Contre les violences faites aux femmes, nous sommes tou·te·s concerné·es

Les femmes et les enfants qui vivent dans des foyers violents sont confrontés à un « confinement sans fin »[1]. Ces violences enferment les femmes souvent physiquement, sinon mentalement, et fragilisent notre société tout entière.

L’année 2020 n’est pas encore terminée, mais les premiers chiffres du confinement révèlent une nette augmentation des appels au 3919[2]. En 2019, 146 femmes sont mortes sous les coups d’un conjoint ou d’un ex-conjoint, un chiffre en augmentation par rapport à l’année précédente.

Ces femmes sont nos mères, nos sœurs, nos filles, nos amies, nos collègues de travail. Les violences qu’elles subissent sont des violations des droits humains. Elles fragilisent leurs proches et en premier lieu, leurs enfants qui peuvent être victimes de violences intrafamiliales. Nous devons être attentifs, entendre et légitimer leur parole pour que le poids de la honte ne repose plus sur les victimes.

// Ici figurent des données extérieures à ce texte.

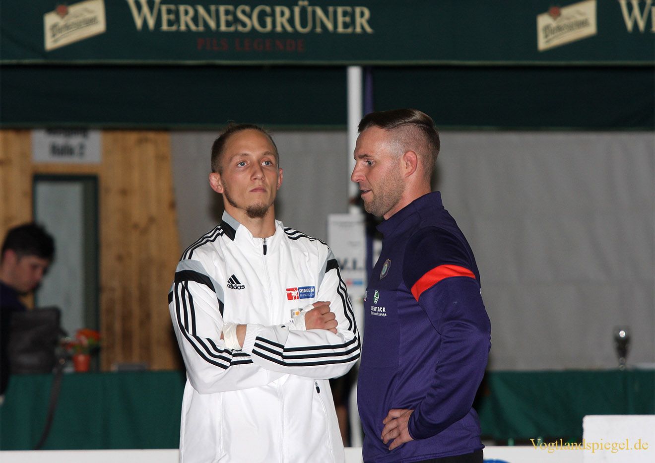 Sven Cammin, RSV Rotation Greiz und Trainer Björn Schöniger, FC Erzgebirge Aue im Gespräch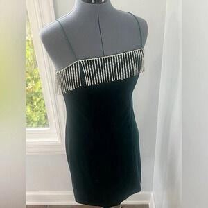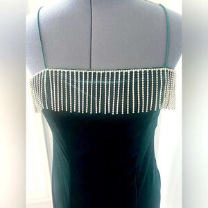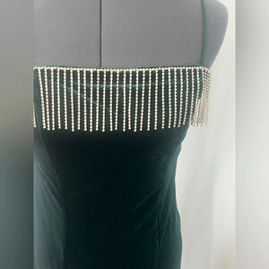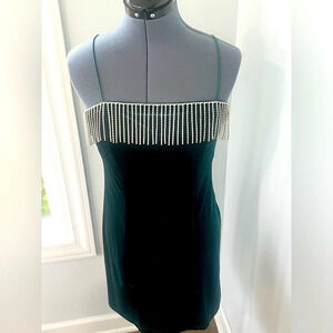 Xtraordinary Sz L Emerald Green Velvet Bodycon Rhinestone Fringe Slip Dress NWT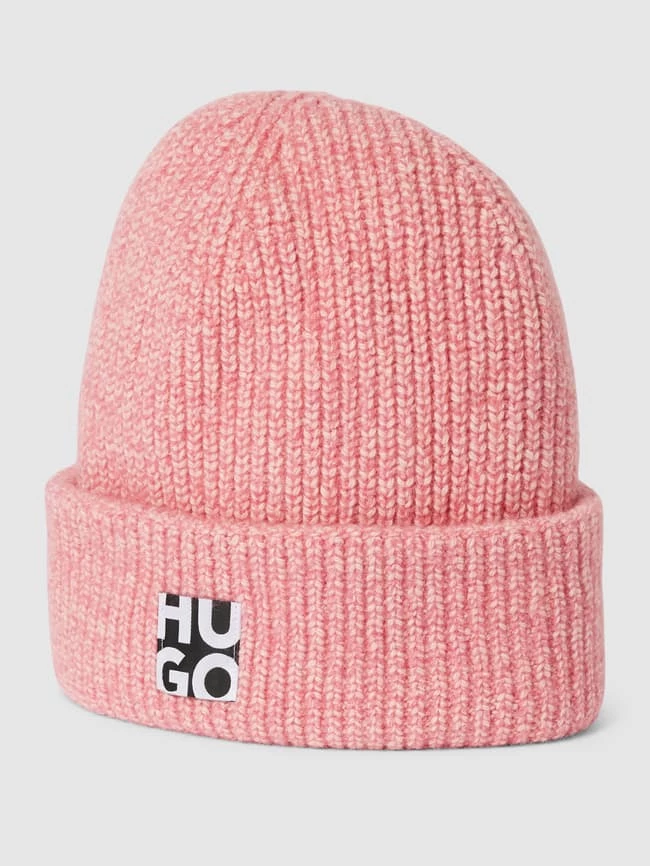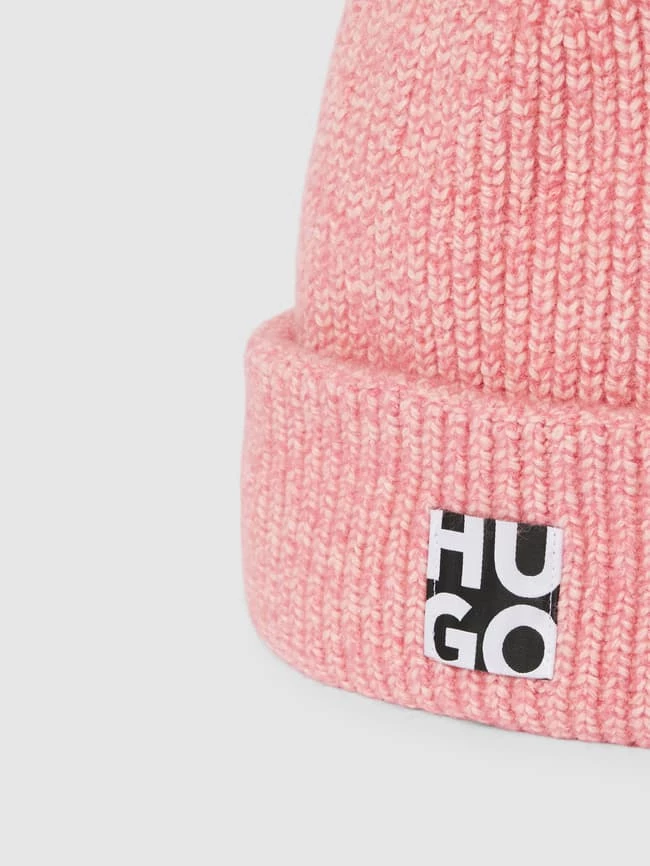 Die Beanie von HUGO ist aus einem Material-Mix mit Viskose-Anteil gefertigt. Sie zeigt sich in Strick-Optik und kommt mit Label-Patch sowie breitem Umschlag.

À Rennes, nous sommes entièrement mobilisés, en lien avec les structures d’accueil d’urgence. Le centre d’hébergement de l’Asfad, où j’ai pu me rendre la semaine dernière, accomplit un travail admirable pour accueillir, sécuriser et accompagner ces femmes et leurs enfants. D’autres ont pu être mises à l’abri depuis le début de la crise grâce à notre dispositif de relogement social prioritaire et à l’hôtel, en coordination avec le SIAO 35.

Dans l’espace public aussi, nous œuvrons pour que nos rues soient aussi sécurisantes que possible. Le Conseil de la Nuit travaille conjointement avec le Réseau rennais de lutte contre les violences faites aux femmes et le Comité consultatif égalité femmes-hommes. Leur rapport a mis en évidence une demande forte de formation et de prévention des professionnels de la vie nocturne pour repérer et agir contre les violences sexistes et sexuelles. Ce dispositif s’accompagnera bientôt de la présence d’une nouvelle brigade anti-incivilités qui pénalisera le harcèlement dans nos rues.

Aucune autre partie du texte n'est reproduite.